Truly Intelligent AI Could Play by the Rules, No Matter How Strange
To build safe but powerful AI models, start by testing their ability to play games on the fly
A proposed game-playing challenge would evaluate AIs on how well they can adapt to and follow new rules
Tic-tac-toe is about as simple as games get—but as Scientific American’s legendary contributor Martin Gardner pointed out almost 70 years ago, it has complex variations and strategic aspects. They range from “reverse” games—where the first player to make three in a row loses—to three-dimensional versions played on cubes and beyond. Gardner’s games, even if they boggle a typical human mind, might point us to a way to make artificial intelligence more humanlike.
That’s because games in their endless variety—with rules that must be imagined, understood and followed—are part of what makes us human. Navigating rules is also a key challenge for AI models as they start to approximate human thought. And as things stand, it’s a challenge where most of these models fall short.
That’s a big deal because if there’s a path to artificial general intelligence, the ultimate goal of machine-learning and AI research, it can only come through building AIs that are capable of interpreting, adapting to and rigidly following the rules we set for them.
On supporting science journalism
If you’re enjoying this article, consider supporting our award-winning journalism by subscribing. By purchasing a subscription you are helping to ensure the future of impactful stories about the discoveries and ideas shaping our world today.
To drive the development of such AI, we must develop a new test—let’s call it the Gardner test—in which an AI is surprised with the rules of a game and is then expected to play by those rules without human intervention.

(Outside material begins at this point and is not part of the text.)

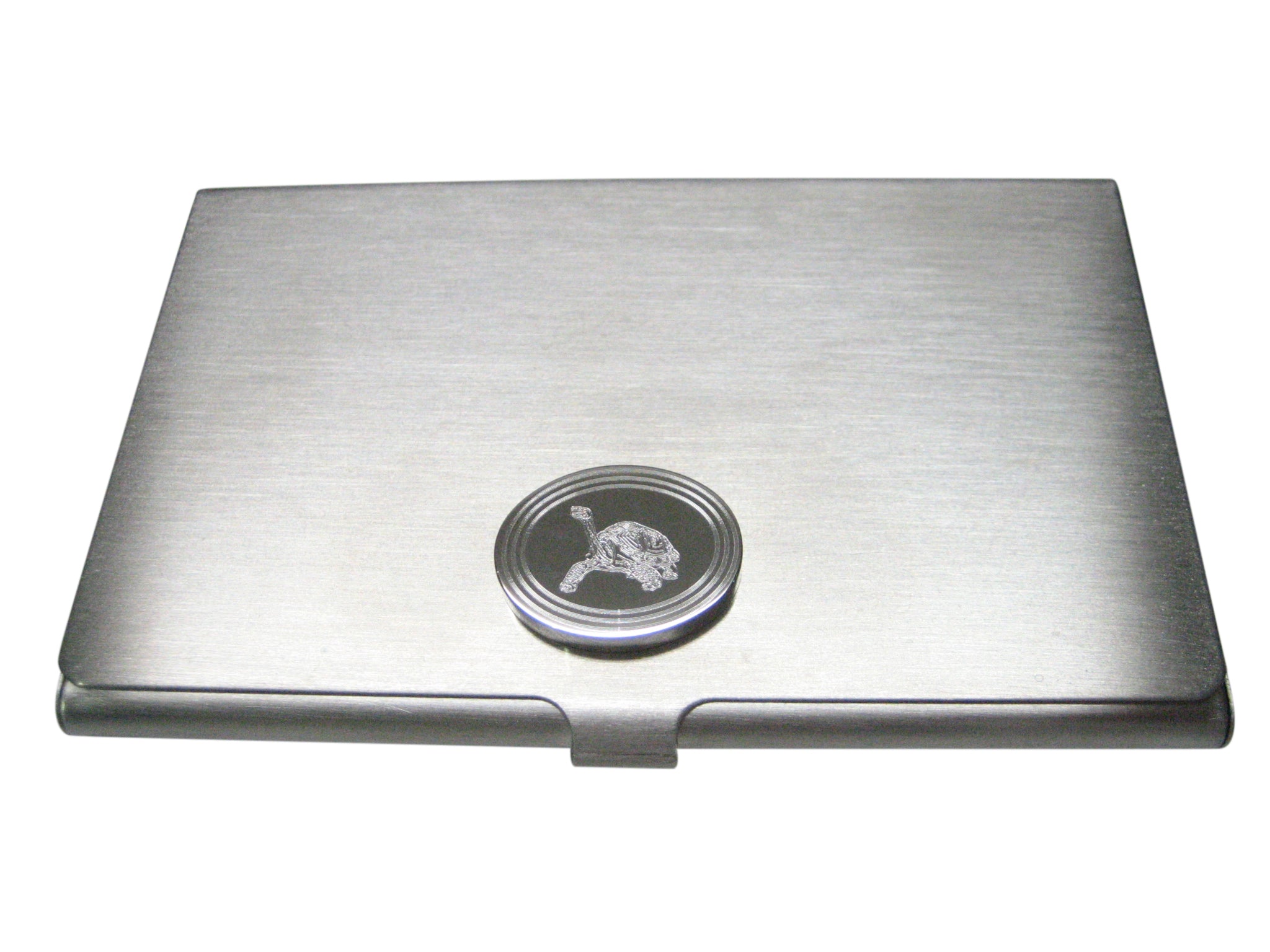 Silver Toned Etched Oval Tortoise Turtle Business Card Holder

One simple way to achieve the surprise is to disclose the rules only when the game begins.
The Gardner test, with apologies to the Turing test, is inspired by and builds on the pioneering work in AI on general game playing (GGP), a field largely shaped by Stanford University professor Michael Genesereth. In GGP competitions, AIs running on standard laptops face off against other AIs in games whose rules—written in a formal mathematical language—are revealed only at the start. The test proposed here advances a new frontier: accepting game rules expressed in a natural language such as English. Once a distant goal, this is now within reach of modern AIs because of the recent breakthroughs in large language models (LLMs) such as those that power ChatGPT and that fall within the families of Claude and Llama.
The proposed challenge should include a battery of tests that could be initially focused on games that have been staples of GGP competitions such as Connect Four, Hex and Pentago. It should also leverage an impressive array of games that Gardner wrote about. Test design could benefit from the involvement of the vibrant international GGP research community, developers of frontier AI models and, of course, diehard Martin Gardner fans.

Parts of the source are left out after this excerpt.